Todos os anos há milhões de internamentos por causa da gripe e cerca de 500 mil vítimas mortais, principalmente idosos e portadores de doenças crónicas como a asma, diabetes ou doenças renais. Por isso, a Comissão Europeia está a financiar o projeto Edufluvac, lançado por um consórcio de instituições de vários países, incluindo Portugal, para desenvolver uma vacina que possa proporcionar uma proteção mais prolongada — cinco anos em vez de um ano — e mais ampla contra o vírus influenza.

Mutações no Vírus

A vacinação anual é a principal forma de prevenção e de proteção contra potenciais pandemias como a que se registou em 2009 com a gripe A, provocada pelo vírus H1N1. Mas o problema é que “devido à elevada propensão do vírus influenza para mutações, a composição das vacinas da gripe sazonal necessita de ser atualizada e novas vacinas têm de ser formuladas, produzidas e administradas anualmente, ou mesmo com maior frequência em caso de pandemias”, explica Paula Alves ao Expresso.

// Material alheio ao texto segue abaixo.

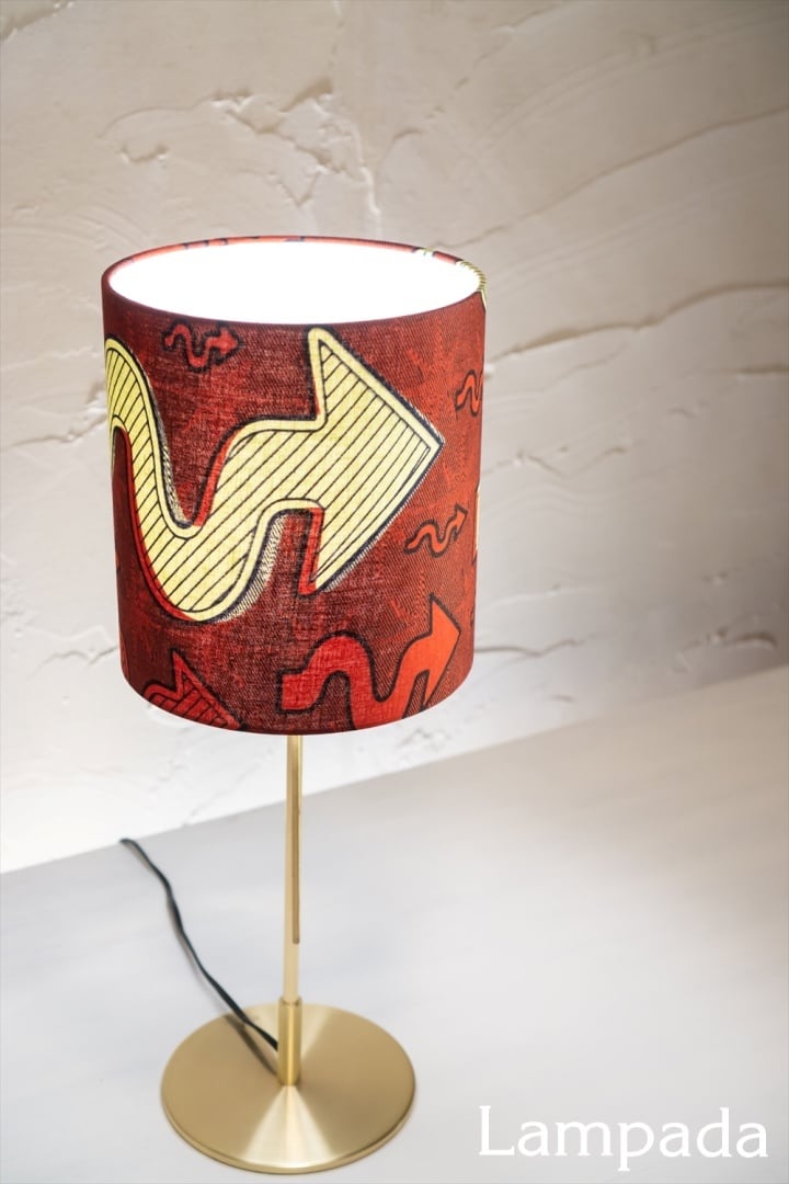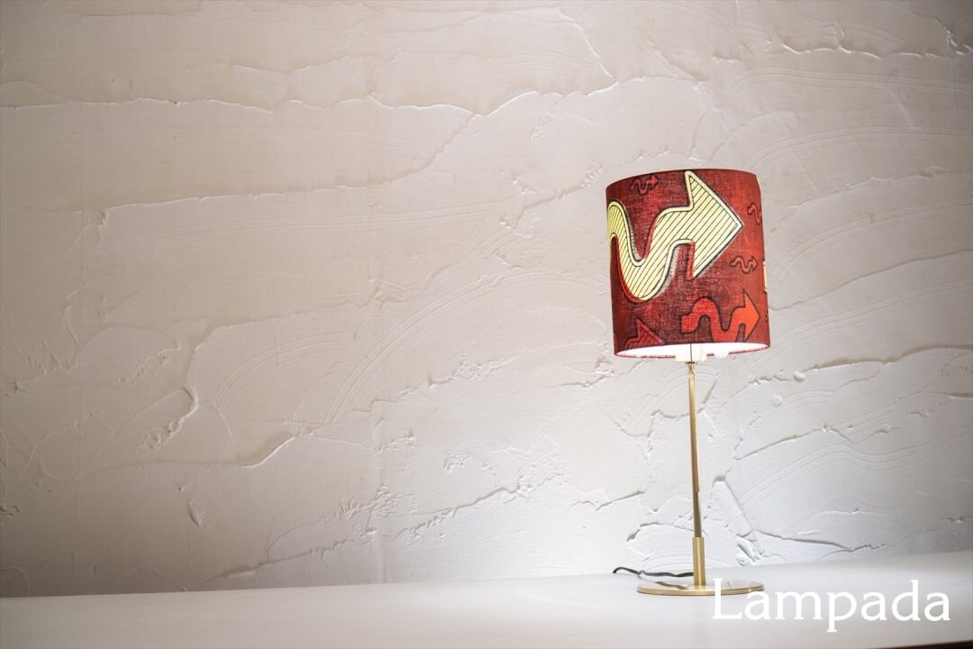 アフリカのプリント布「パーニュ」を使った新洋電気オリジナルのスタンドライト。同じ柄のペンダントとあわせてお使いいただけます。

A vacina da gripe convencional tem duas grandes proteínas, a hemaglutinina e a neuraminidase. “Com as mutações do vírus estas proteínas vão sendo alteradas e os nossos anticorpos não reconhecem o novo vírus que aparece todos os anos”, acrescenta a presidente do Instituto de Biologia Experimental e Tecnológica (iBET), o centro de investigação português envolvido no projeto.

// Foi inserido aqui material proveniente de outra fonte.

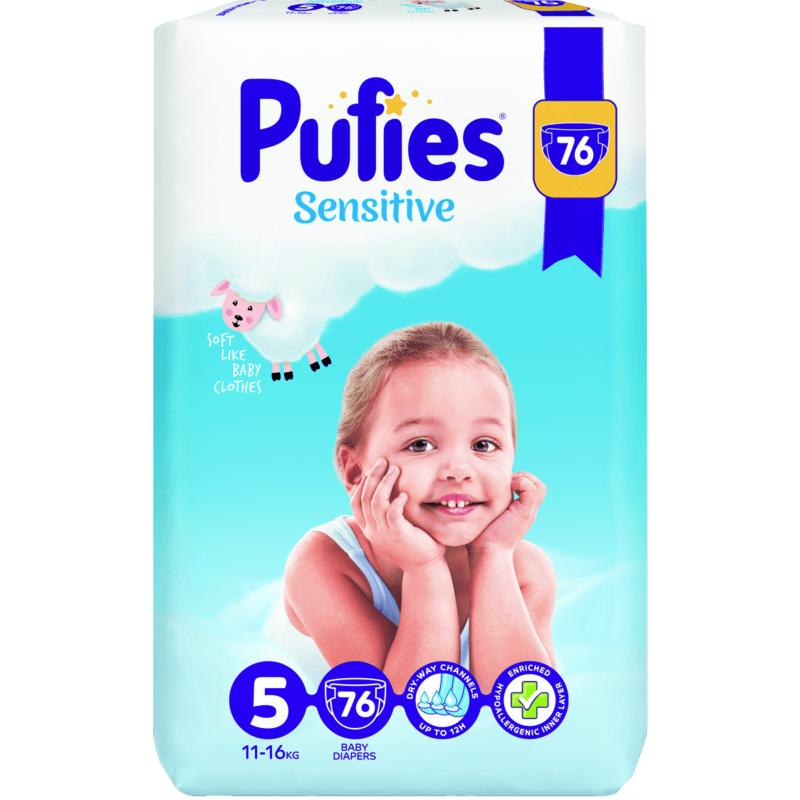 Pufies Sensitive представляват ново поколение пелени с абсорбиращи каналчета за 3 пъти по-бързо попиване в сравнение с предишните пелени Pufies, които са специално създадени да осигурят максимален комфорт и отлична защита срещу протичане. Серията Sensitive, предлага 2 великолепни дизайна в пакет със сладки илюстрации, пелените са с анатомична форма, която следва всяко движение на бебето, осигуряваща допълнително удобство без значение дали то спи, играе или изследва света около себе си. Пелените са с точно прилягащи ластици, а областта oкoлo крaчeтaтa e зaщитeнa cъс специални бариери, които не допускат протичане. Pufies Sensitive са изработени от изключително мека и тънка материя, която позволява пелената да диша, тя остава суха дълго време, а нежната бебешка кожа е предпазена от запарване, зачервяване и подсичане. Специалната система за усвояване на влагата, попива изцяло течността и действа като бариера, за да защити бебешката кожа, оставяйки трайно чувство на комфорт и сигурност, а горният слой е създаден от копринени фибри, обогатен с лайка и алое вера, което спомага за намаляване риска от раздразнения.

A investigadora sublinha que “o desenvolvimento de uma vacina dita universal capaz de induzir resposta imunitária contra diferentes estirpes do vírus influenza tornou-se uma prioridade a nível mundial”. O objetivo é proteger de forma mais eficaz não só os mais vulneráveis — crianças, idosos e portadores de doenças crónicas — como toda a população “contra a gripe sazonal que todos os anos nos afeta, especialmente no inverno, e que ainda possa oferecer um grau de proteção elevado contra potenciais pandemias”.

Mas não há apenas vantagens para a saúde das populações. O projeto Edufluvac “vai permitir também a criação de uma plataforma economicamente viável para a produção em larga escala de uma vacina da gripe, em especial em caso de pandemia”, antecipa Paula Alves. Esta plataforma “levará a uma significativa redução dos custos de produção, tornando a vacina mais acessível a milhões de pessoas nos países em desenvolvimento”.

É difícil garantir 100% de proteção com a nova Vacina

“Colocamos sempre universal entre aspas porque na virologia é difícil afirmar que vamos desenvolver uma vacina universal”, esclarece António Roldão, doutorado em biologia de sistemas (modelos matemáticos aplicados à biotecnologia). O principal investigador do iBET envolvido no projeto explica porquê: “Não sabemos tudo o que se vai passar no futuro, há pandemias que não estão previstas e podem surgir quando se dá a transferência de um vírus dos animais para os seres humanos, como aconteceu com a gripe das aves”. É óbvio que o objetivo final da ciência “é conseguir uma vacina universal, mas não podemos garantir a 100%, no projeto Edufluvac, que conseguimos lá chegar”.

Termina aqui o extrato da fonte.